Scraping Image Categories

def scrape_category(category_name, queries, data_dir):
    setup(os.path.join(data_dir, category_name))
    category_dir = os.path.join(data_dir, category_name)

    for query in queries:
        print('Scraping category: {} for query: {}'.format(category_name, query))
        driver.get(get_url(query))
        handle_scroll(driver)
        all_imgs = driver.find_elements(By.XPATH, '//*[@class="rg_i Q4LuWd"]')
        all_srcs = [x.get_attribute('src') for x in all_imgs]
        save_images(all_srcs, category_name, query, category_dir)

categories = {
    'dog': ['dog', 'golden retriever', 'husky dog', 'bulldog', 'dalmatian', 'poodle'],
    'cat': ['cat', 'siamese cat', 'persian cat', 'ragdoll cat', 'shorthair cat']
}

for category in categories:
    category_queries = categories[category]
    scrape_category(category, category_queries, data_dir=data_path)

Google limits the number of images shown per search.

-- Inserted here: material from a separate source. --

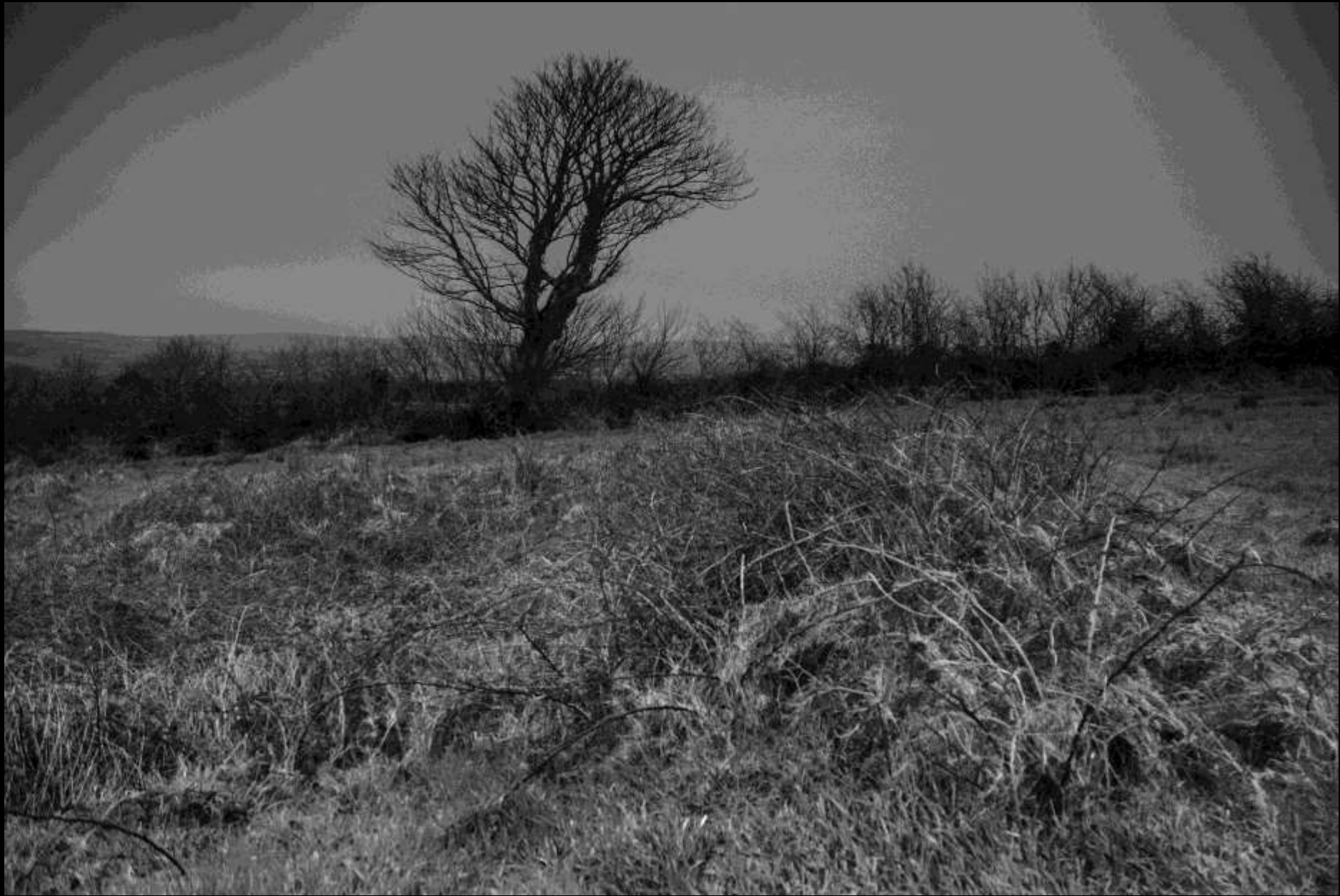
Famine burial site, Athea, County Limerick

To circumvent this issue, we can provide more specific keywords to our program. For example, under the "dog" category we can scrape "golden retriever" and "poodle".

For each category (the keys of the categories dictionary), we scrape by keywords, generating search URLs using the get_url function, which we then pass to the driver. Once arriving on a page, we scroll using our handle_scroll function. Upon arriving at the end of a search results page, we find all the available images like so:

all_imgs = driver.find_elements(By.XPATH, '//*[@class="rg_i Q4LuWd"]')
all_srcs = [x.get_attribute('src') for x in all_imgs]

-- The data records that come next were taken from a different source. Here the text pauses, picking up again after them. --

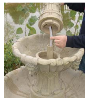
Feed the tubing up and through the second riser.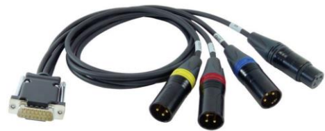
Breakout cable for Mini-DA42: input: 1 * AES42, output: 1 * AES3 out, 2 * analog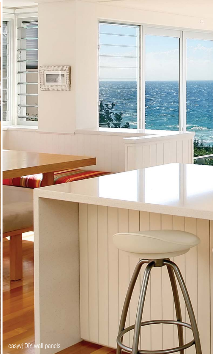
easyvj DIY wall panels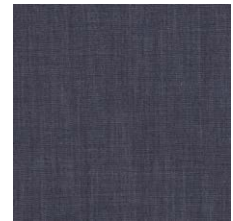
DEN-S-2001 INDIGO SHADOW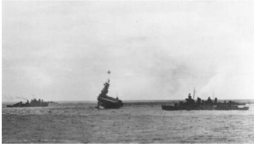
The American aircraft carrier Yorktown lists after being struck repeatedly by Japanese carrier aircraft during the Battle of Midway. Although it was in danger of capsizing and abandoned by its crew, a small volunteer salvage party aboard Yorktown had managed to stabilize the vessel. It was about to be taken under tow when a Japanese submarine sank it.

Yorktown proved scant compensation. The Americans could replace the Yorktown while Japanese naval power had been sustained a mortal wound because they could not replace the four aircraft carriers they lost in the battle.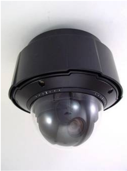
the 6032 in new color

The driver will search for elements on the page matching the specified XPATH, and will then collect the "src" attribute from each element. From there, we can save the images to our category directory. On the first pass, we will be saving images into the "data/dogs" folder.

Saving Images

def save_images(srcs, category, keyword, data_dir):
    print('Done scraping, writing {} images to files'.format(category))
    srcs = [x for x in srcs if x]
    for i, src in enumerate(srcs):
        unique_image_name = '{}_{}.png'.format(keyword.replace(' ', '_').replace(':', '_').replace('/', '_'), i)
        file_path = os.path.join(data_dir, unique_image_name)

        if 'data:image' in src:
            readable_base64 = ''.join(src.split('base64,')[1:])
            content = base64.b64decode(readable_base64)
        else:
            r = requests.get(src)
            content = r.content

        img = Image.open(BytesIO(content)).convert('RGB')
        img.save(file_path)

The save_images function takes in:

  • The image element srcs, which will either be image urls or base64 strings (eg, data:image/png;base64,...)
  • The current category of images being scraped (in our case, dogs)
  • The keywords string in the category being scraped (such as "golden retriever", "poodle")
  • data_dir , the directory to save images into.

The function will loop through the image srcs and either reformat base64 strings or download the images from their urls using the requests library. From there, the raw image files are converted to RGB and saved via the Pillow library, which is useful for image processing and image saving.

Image filenames are a combination of the current category and keyword, with special characters (such as : and /) replaced to avoid errors.

Running the complete source code provided should result in nice, organized image datasets. Edit the categories and keywords as necessary for your use case.